[Records from a data source]
*** Block opens ***

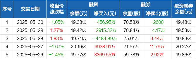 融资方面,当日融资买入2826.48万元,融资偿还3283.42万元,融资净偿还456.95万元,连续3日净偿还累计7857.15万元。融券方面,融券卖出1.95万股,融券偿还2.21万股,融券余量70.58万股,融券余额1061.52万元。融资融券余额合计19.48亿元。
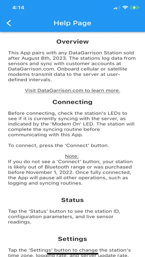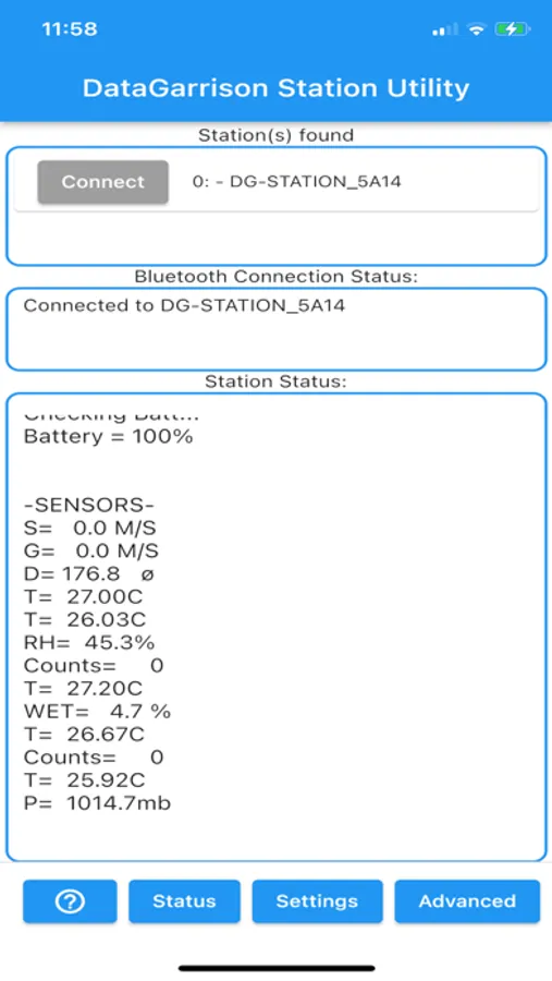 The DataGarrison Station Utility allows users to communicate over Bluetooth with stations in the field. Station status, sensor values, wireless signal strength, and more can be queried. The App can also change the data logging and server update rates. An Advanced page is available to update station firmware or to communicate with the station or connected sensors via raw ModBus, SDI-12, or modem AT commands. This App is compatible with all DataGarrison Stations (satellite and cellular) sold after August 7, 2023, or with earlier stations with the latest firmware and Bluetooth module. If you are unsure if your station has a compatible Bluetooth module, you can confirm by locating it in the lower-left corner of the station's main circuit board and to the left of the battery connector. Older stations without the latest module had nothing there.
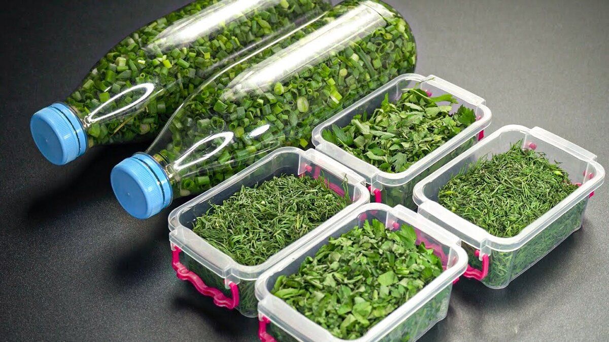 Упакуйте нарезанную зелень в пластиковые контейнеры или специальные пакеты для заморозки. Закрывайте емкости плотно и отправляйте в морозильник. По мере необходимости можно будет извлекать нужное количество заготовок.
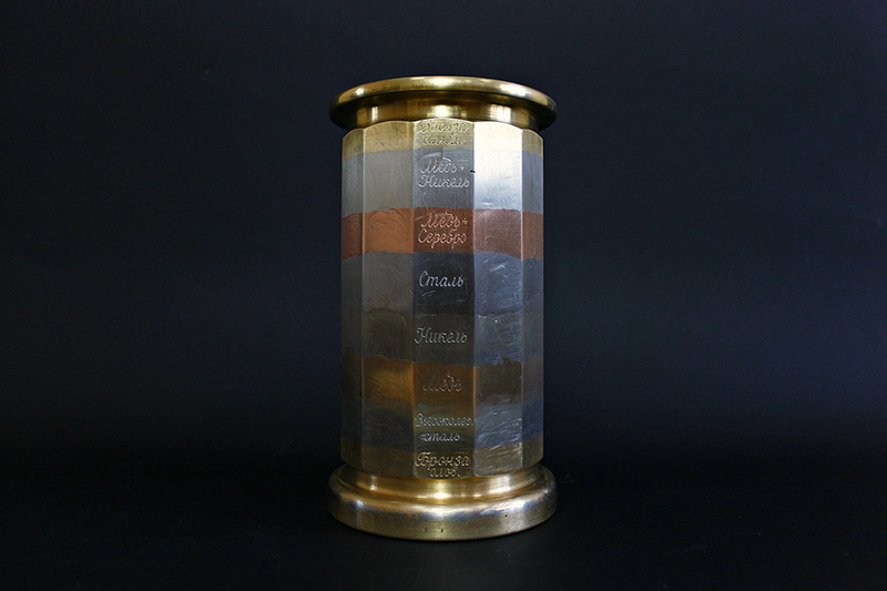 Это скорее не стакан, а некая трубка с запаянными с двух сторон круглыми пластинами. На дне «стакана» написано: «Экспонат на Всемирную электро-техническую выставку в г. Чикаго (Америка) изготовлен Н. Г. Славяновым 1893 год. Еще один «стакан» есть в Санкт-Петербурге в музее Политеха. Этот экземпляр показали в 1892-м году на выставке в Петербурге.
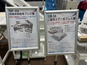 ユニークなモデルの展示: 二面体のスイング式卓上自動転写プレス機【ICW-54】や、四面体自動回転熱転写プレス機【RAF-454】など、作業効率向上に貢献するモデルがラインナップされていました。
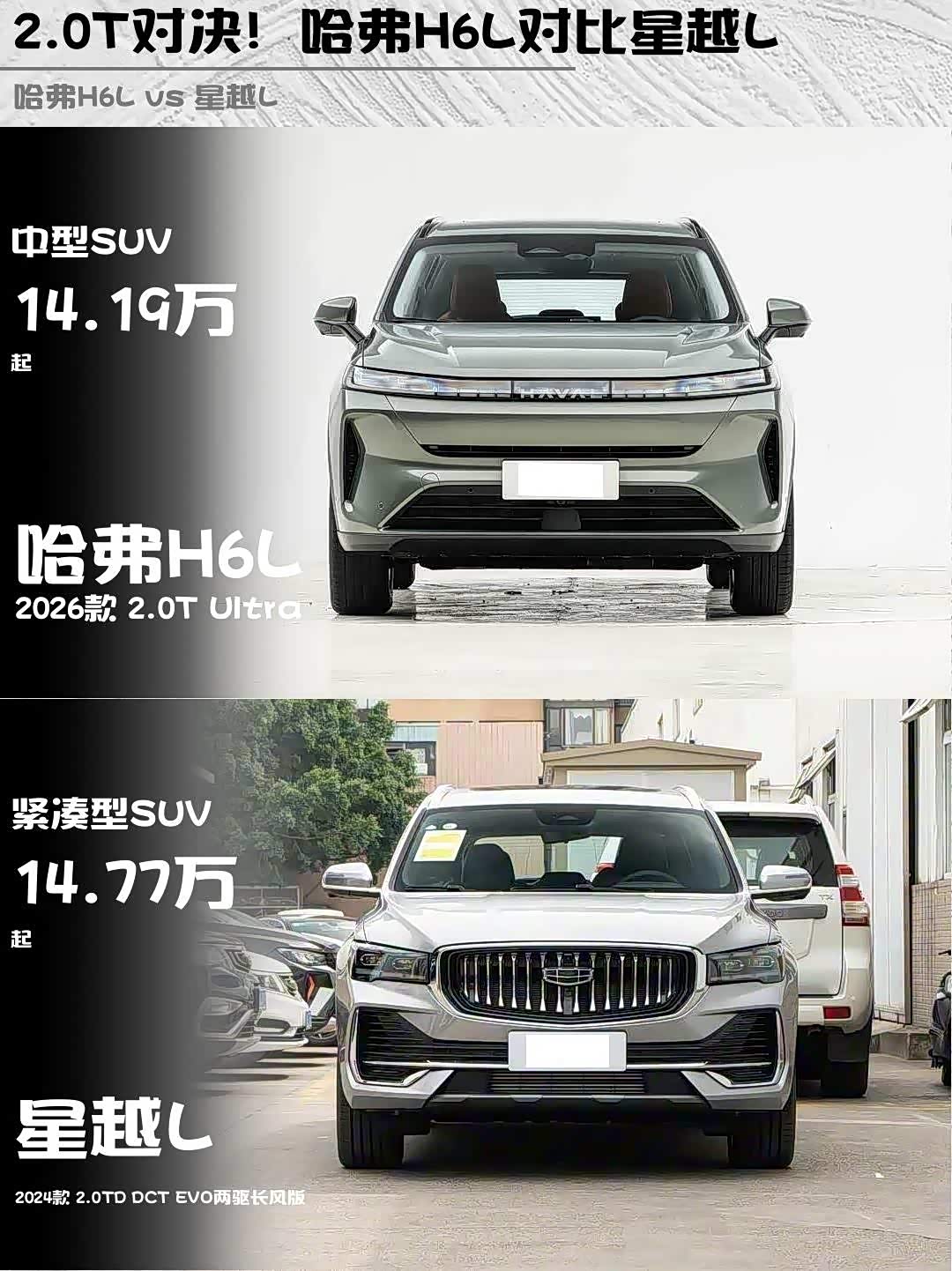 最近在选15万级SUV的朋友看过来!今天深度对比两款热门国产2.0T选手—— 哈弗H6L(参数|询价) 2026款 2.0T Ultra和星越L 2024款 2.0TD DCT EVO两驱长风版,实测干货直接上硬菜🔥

*** Block closes ***

Work required: The lines to copy begin at the one containing "Это скорее не" and end at the last line of the records. Set down exactly those lines and no others, both ends included, and omit all pictures.

Output below:
 Это скорее не стакан, а некая трубка с запаянными с двух сторон круглыми пластинами. На дне «стакана» написано: «Экспонат на Всемирную электро-техническую выставку в г. Чикаго (Америка) изготовлен Н. Г. Славяновым 1893 год. Еще один «стакан» есть в Санкт-Петербурге в музее Политеха. Этот экземпляр показали в 1892-м году на выставке в Петербурге.
 ユニークなモデルの展示: 二面体のスイング式卓上自動転写プレス機【ICW-54】や、四面体自動回転熱転写プレス機【RAF-454】など、作業効率向上に貢献するモデルがラインナップされていました。
 最近在选15万级SUV的朋友看过来!今天深度对比两款热门国产2.0T选手—— 哈弗H6L(参数|询价) 2026款 2.0T Ultra和星越L 2024款 2.0TD DCT EVO两驱长风版,实测干货直接上硬菜🔥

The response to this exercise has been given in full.